Zombies in memory - something is blocking (re)loading of Whisper after a page is closed and re-opened

flatsiedatsie commented 2 weeks ago

Question

I've been trying to debug this issue all afternoon, but haven't gotten any further. The code runs on desktop, but not on Android Chrome.

This is with V3 Alpha 19.

flatsiedatsie commented 2 weeks ago

The demo on HuggingFace does work on the phone... hmm. I'll have to dive deeper.

flatsiedatsie commented 1 week ago

I did a rewrite to more closely follow the recent examples in the hopes that that would fix the issue. But after all that, I still get the same type of error. It still only occurs on mobile (Android Chrome), everything runs great on desktop. I've even implemented the option to go turbo while I was at it.

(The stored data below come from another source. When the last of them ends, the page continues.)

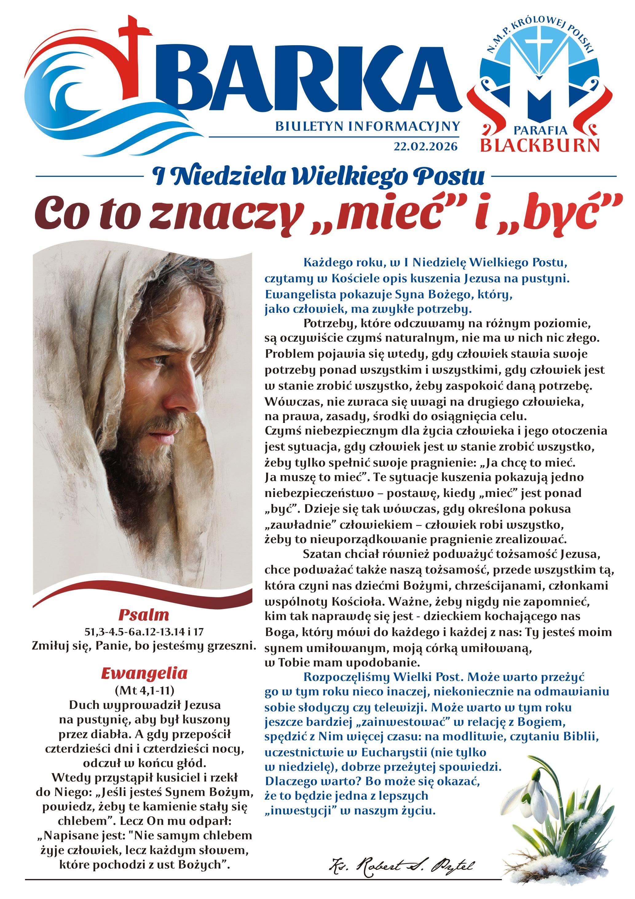 niedziela 19:00Proście, a będzie wam dane; szukajcie, a znajdziecie; kołaczcie, a otworzą wam. Mt 7:7
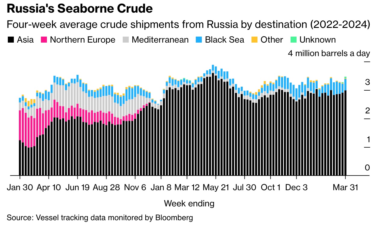 按俄罗斯海运原油出货目的地划分,在截至3月31日的过去四周内,运往亚洲地区的平均出货量为300万桶/日,运往黑海地区的平均出货量为40万桶/日,运往未知地区的平均出货量为10万桶/日。
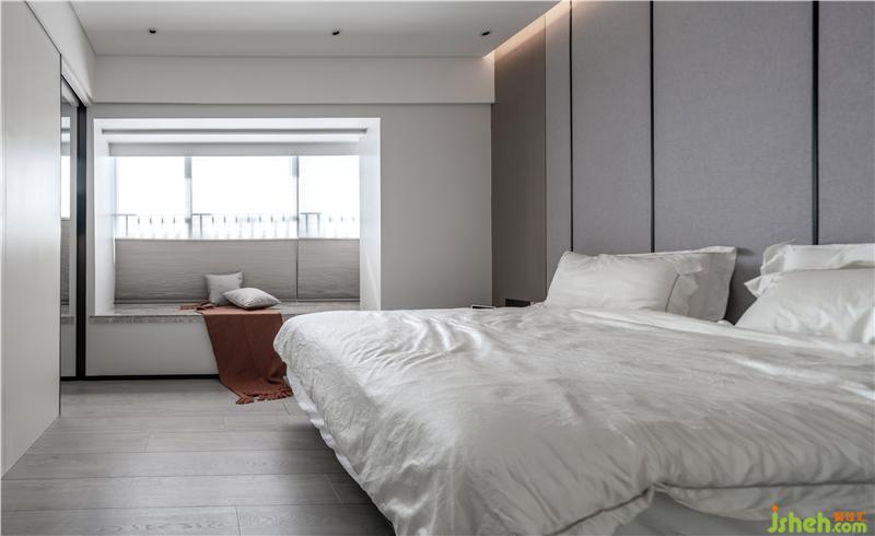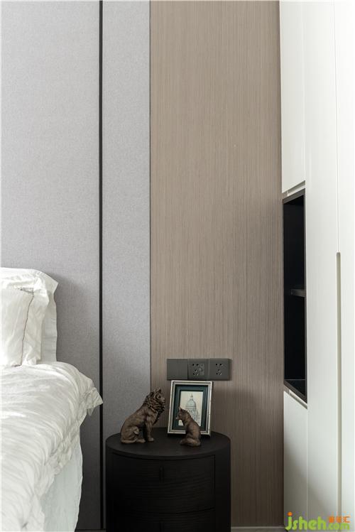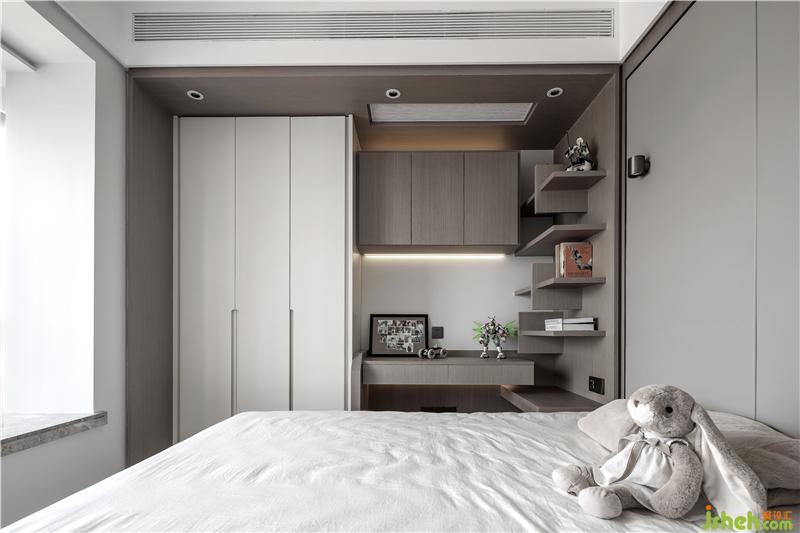灰藍(lán)色的床頭背景搭配干凈明朗的床品,極簡(jiǎn)的落地?zé)敉ㄟ^(guò)墻體反射光照明,光線更柔和,深圳裝修設(shè)計(jì)營(yíng)造一個(gè)溫馨的睡眠空間。
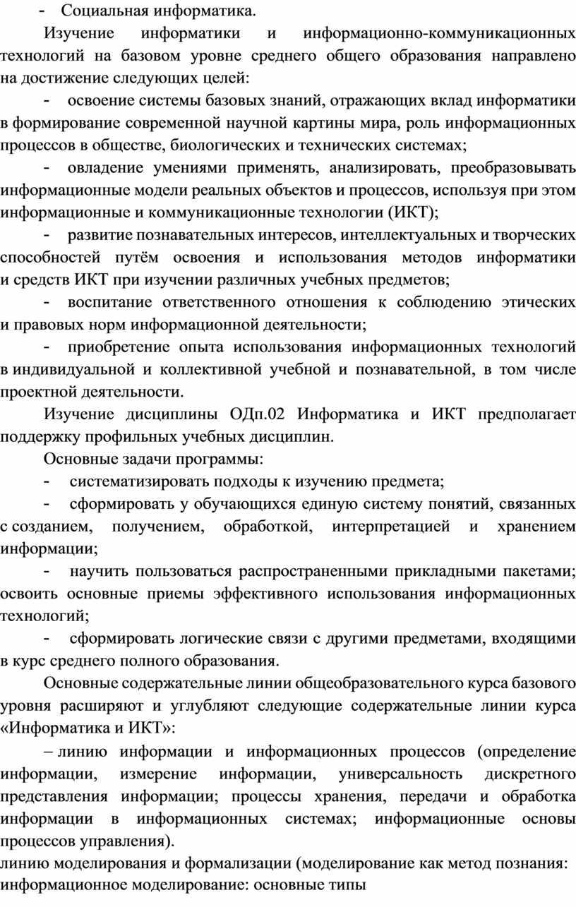 Информатика и ИКТ – учебный предмет, востребованный во всех видах профессиональной деятельности и различных траекториях продолжения обучения. Приоритетными направлениями изучения в дисциплине ОДп.02 Информатика и ИКТ на базовом уровне выступают информационные процессы и информационные технологии.
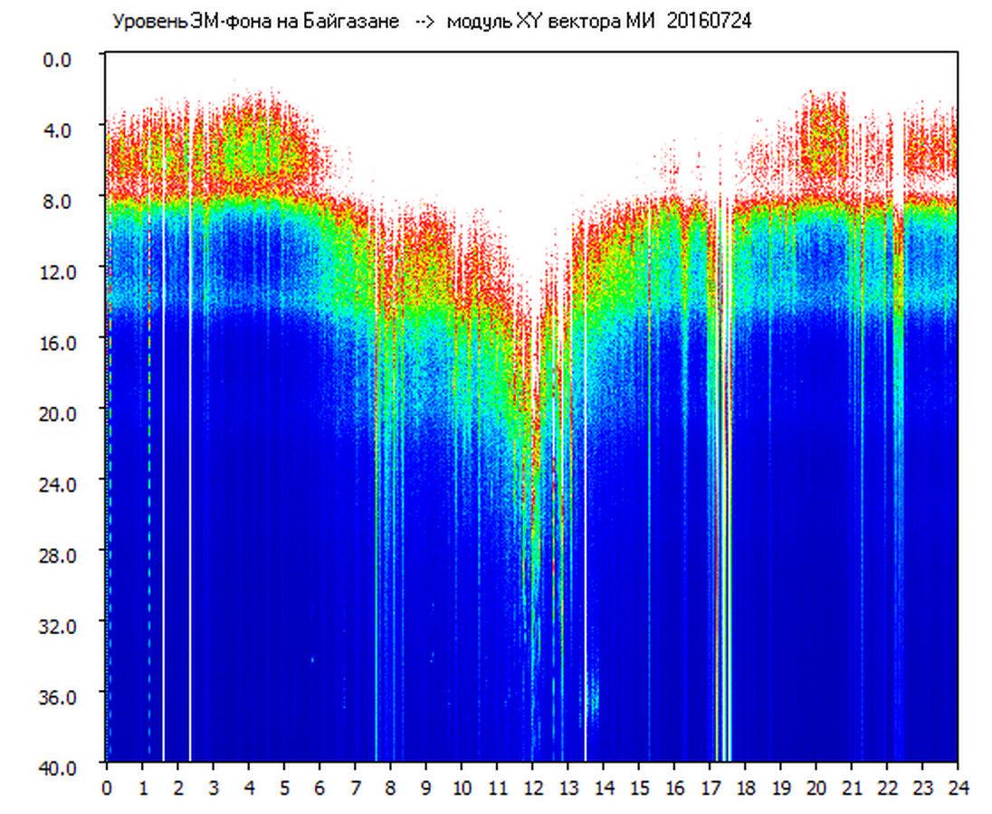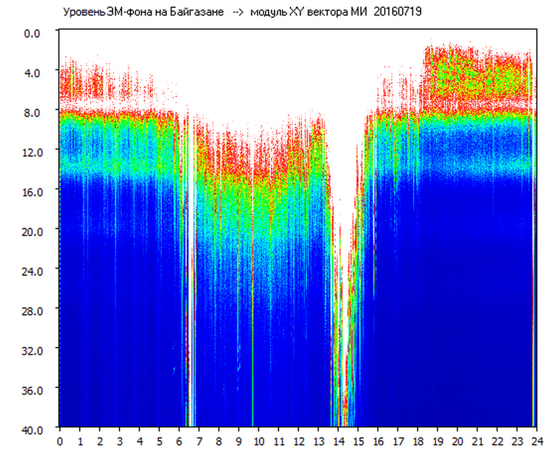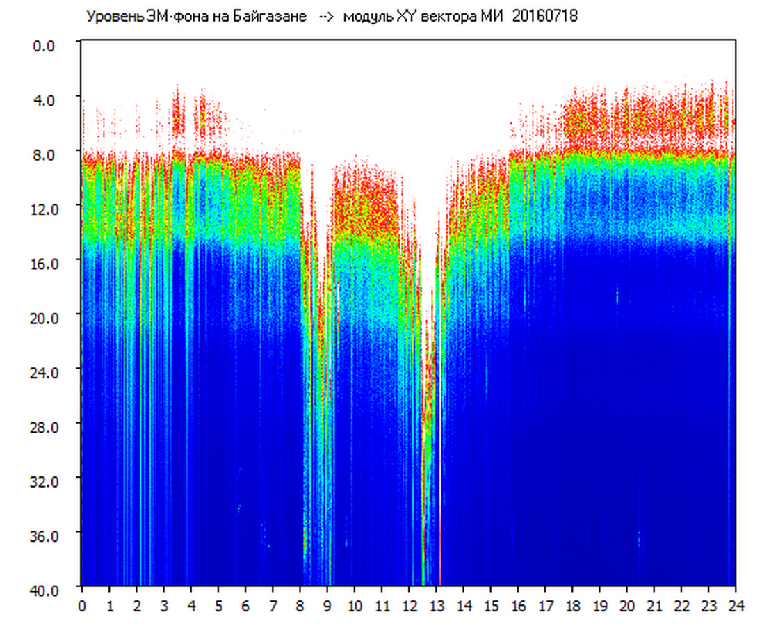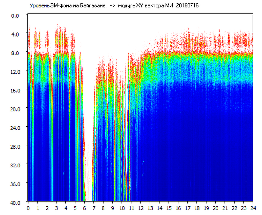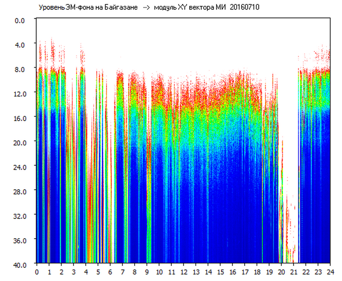 Динамические спектры электромагнитного фона в полосе частот 0 – 40 Гц (Шумановские резонансы)
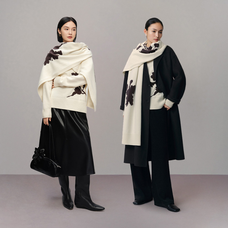 【茶梅提花100羊毛围巾】naivee纳薇25冬新款国风披肩温暖亲肤
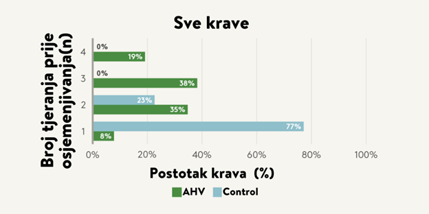Slika 1 pokazuje da je 57% mliječnih krava u AHV testnoj skupini imalo 3 ili 4 tjeranja prije osjemenjivanja u odnosu na 0% za krave kontrolne skupine.
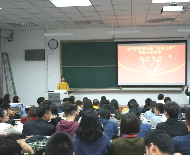 的赛前排练工作正式开始。动员大会于10月26日晚七点正式召开,六点三十分起同学们便陆续来到了教室。文艺部分管主席杨洋担任了动员大会的主持,向同学们介绍了具体的排练安排和纪律。动员大会对于后面的排练十分重要,所以各位队员们不敢有丝毫懈怠。大家听讲专注,参与积极,气氛十分活跃。

But since the demo did run on the phone, it must be my code/situation.

Things I've tried:

Made sure that it's not running twice.
I've attempted to go smaller, going as small as running whisper-tiny with quantization. But in the errors below, even grabbing 37MB of memory fails.
Going back to a way older version of the worker, and also trying a revert to Alpha 18 and 16.
Yesterday a new Android Chrome version was available, but updating to that didn't solve it, once more indicating an issue with my code/situation.
I reverted some code involving Transformers.js outside of the Whisper worker, to once again use/load Transformers.js in the main code too, and not just in workers. But that wasn't it.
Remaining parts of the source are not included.